◆ **About this task**:
Everything in the data gets repeated exactly, except for the pictures.

◆ **Input data**:
■ ■ ■ ■
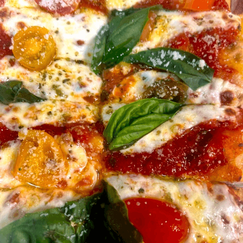 marinara, fresh mozzarella, heirloom tomato, oregano, fresh basil, olive oil
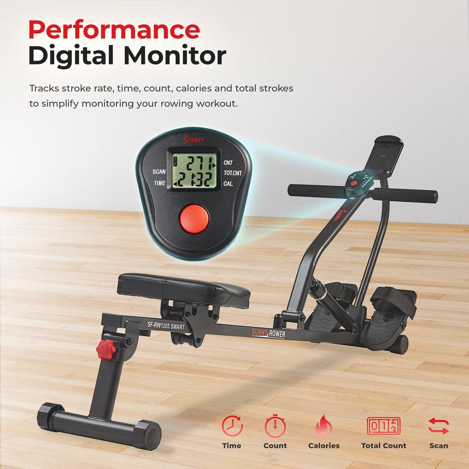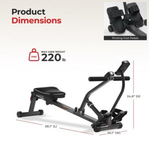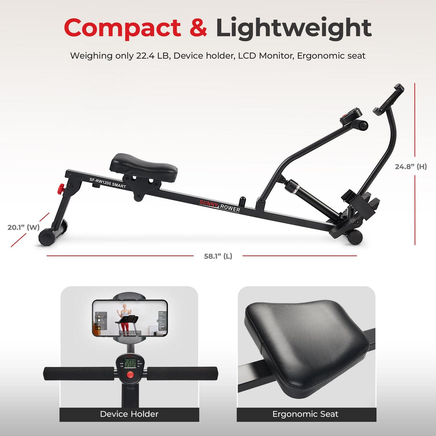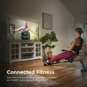 Experience connected fitness with the Sunny Health & Fitness hydraulic rower. Sync via Bluetooth to monitor your progress, explore training content, and engage with the active community. The smooth hydraulic resistance provides a full body workout by targeting all major muscle groups through a complete range of motion.The compact and lightweight folding design maximizes portability and storage convenience. Weighing just 22.4 LB, it can be transported or stored easily. The integrated device holder keeps your phone or tablet secure to stay motivated.Assembly is quick and easy – just attach the stabilizer bars, padded seat, pivoting foot pedals, and monitor mount using the included instructions. The ergonomic seat and adjustable straps provide a comfortable, customized fit.Trust Sunny Health & Fitness to deliver a quality rowing machine backed by their 20+ years of experience. Make the most of your workouts with connected fitness and full body training.
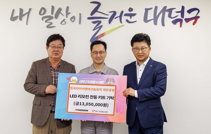 [뉴스서치] 대전 대덕구는 한국타이어앤테크놀로지 대전공장(주)으로부터 지역 취약계층과 장애인 가구를 위한 리모컨 조절 LED 전등과 리모컨, 콘센트(1305만원 상당)를 기탁받았다고 밝혔다.
■ ■ ■ ■
◆ **Answer below**:
 marinara, fresh mozzarella, heirloom tomato, oregano, fresh basil, olive oil
 Experience connected fitness with the Sunny Health & Fitness hydraulic rower. Sync via Bluetooth to monitor your progress, explore training content, and engage with the active community. The smooth hydraulic resistance provides a full body workout by targeting all major muscle groups through a complete range of motion.The compact and lightweight folding design maximizes portability and storage convenience. Weighing just 22.4 LB, it can be transported or stored easily. The integrated device holder keeps your phone or tablet secure to stay motivated.Assembly is quick and easy – just attach the stabilizer bars, padded seat, pivoting foot pedals, and monitor mount using the included instructions. The ergonomic seat and adjustable straps provide a comfortable, customized fit.Trust Sunny Health & Fitness to deliver a quality rowing machine backed by their 20+ years of experience. Make the most of your workouts with connected fitness and full body training.
 [뉴스서치] 대전 대덕구는 한국타이어앤테크놀로지 대전공장(주)으로부터 지역 취약계층과 장애인 가구를 위한 리모컨 조절 LED 전등과 리모컨, 콘센트(1305만원 상당)를 기탁받았다고 밝혔다.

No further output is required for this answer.